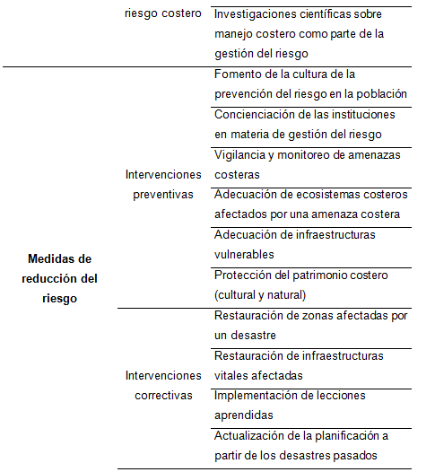 El segundo indicador se refiere a las medidas de reducción del riesgo, en el sentido del conjunto de acciones preventivas que se adoptan para disminuir las condiciones de riesgos existentes por parte del municipio costero. Este indicador se compone de cuatro sub-indicadores relativos a esta reducción del riesgo: a. Intervenciones preventivas; b. Intervenciones correctivas; c. Intervenciones prospectivas; y d. Protección financiera. Así mismo, la base de la estructura informacional la conforman diez variables que cubren aspectos desde el fomento de la cultura de la población en materia de gestión del riesgo hasta mejora de infraestructuras y recursos económicos para la reducción.
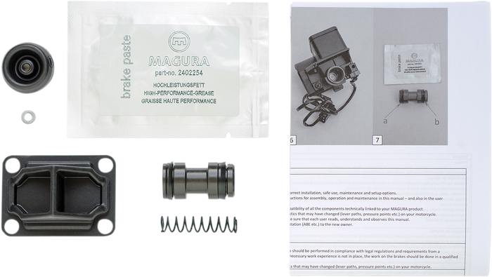 Everything necessary for a complete master cylinder overhaul. Kit includes piston with seals and spring, piston bellows, container bellows, sealing ring for piston mounting screw and silicone brake paste.
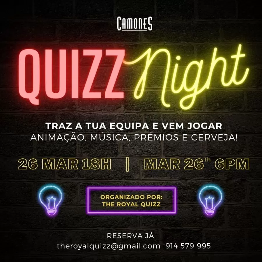 General culture, in Portuguese and English, with various topics such as cinema, music, sports, etc. Teams of three or four people. Entries are made by email: theroyalquizz@gmail.com or 914 579 995 The two teams with the most answers will definitely win a surprise prize 🏆
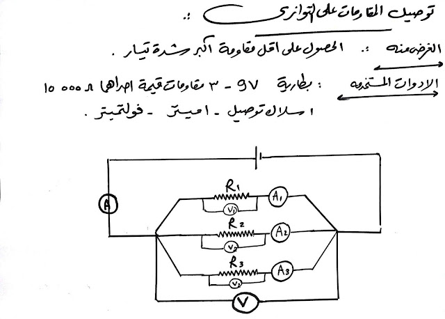 تجربة عمليه عن توصيل المقاومات على التوازى للثانوية العامة
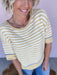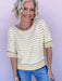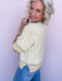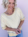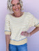 The Sunny Side Stripe Sweater brings a cheerful touch to your everyday knit lineup. Designed with soft yellow and white stripes, this lightweight cotton sweater features a relaxed fit, wide crew neckline, and ribbed trim for an easy, wearable feel. It’s perfect for layering on breezy days or wearing solo with denim when you want something cozy but bright.
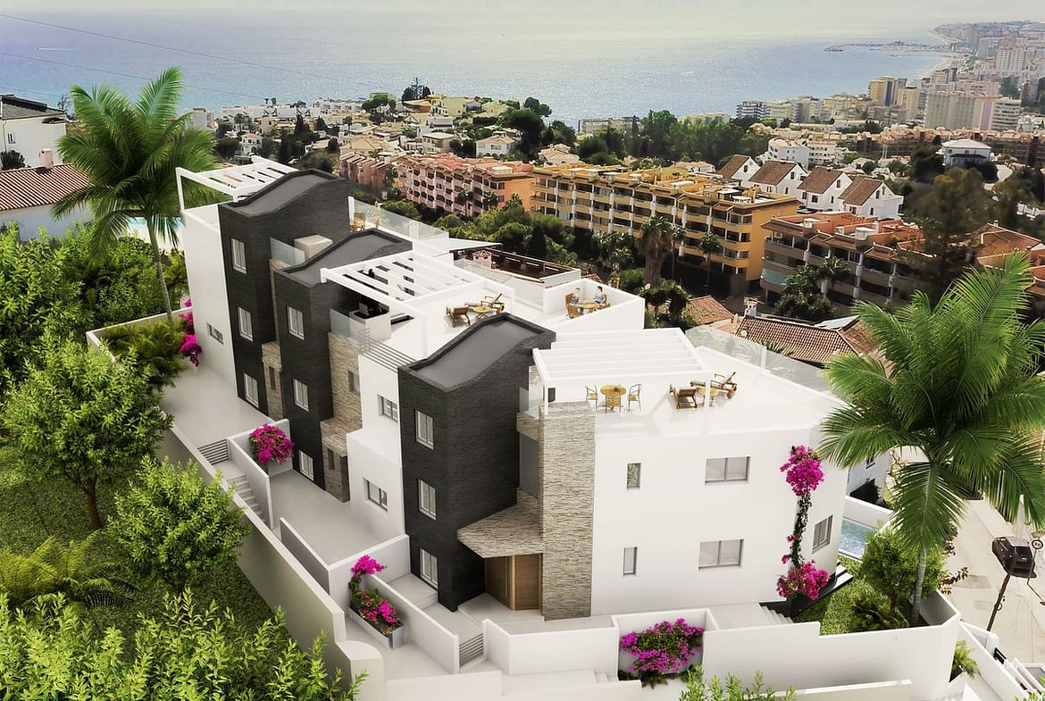 Each rooftop terrace offers panoramic views over Fuengirola Bay, the Mediterranean Sea, and the Mijas mountains, and can be customized with lounge areas, an outdoor kitchen, jacuzzi, or left minimal – entirely your choice.
========================================
Your instructions — Copy all the lines of data exactly as they appear, dropping any images.

Result of this task —
 El segundo indicador se refiere a las medidas de reducción del riesgo, en el sentido del conjunto de acciones preventivas que se adoptan para disminuir las condiciones de riesgos existentes por parte del municipio costero. Este indicador se compone de cuatro sub-indicadores relativos a esta reducción del riesgo: a. Intervenciones preventivas; b. Intervenciones correctivas; c. Intervenciones prospectivas; y d. Protección financiera. Así mismo, la base de la estructura informacional la conforman diez variables que cubren aspectos desde el fomento de la cultura de la población en materia de gestión del riesgo hasta mejora de infraestructuras y recursos económicos para la reducción.
 Everything necessary for a complete master cylinder overhaul. Kit includes piston with seals and spring, piston bellows, container bellows, sealing ring for piston mounting screw and silicone brake paste.
 General culture, in Portuguese and English, with various topics such as cinema, music, sports, etc. Teams of three or four people. Entries are made by email: theroyalquizz@gmail.com or 914 579 995 The two teams with the most answers will definitely win a surprise prize 🏆
 تجربة عمليه عن توصيل المقاومات على التوازى للثانوية العامة
 The Sunny Side Stripe Sweater brings a cheerful touch to your everyday knit lineup. Designed with soft yellow and white stripes, this lightweight cotton sweater features a relaxed fit, wide crew neckline, and ribbed trim for an easy, wearable feel. It’s perfect for layering on breezy days or wearing solo with denim when you want something cozy but bright.
 Each rooftop terrace offers panoramic views over Fuengirola Bay, the Mediterranean Sea, and the Mijas mountains, and can be customized with lounge areas, an outdoor kitchen, jacuzzi, or left minimal – entirely your choice.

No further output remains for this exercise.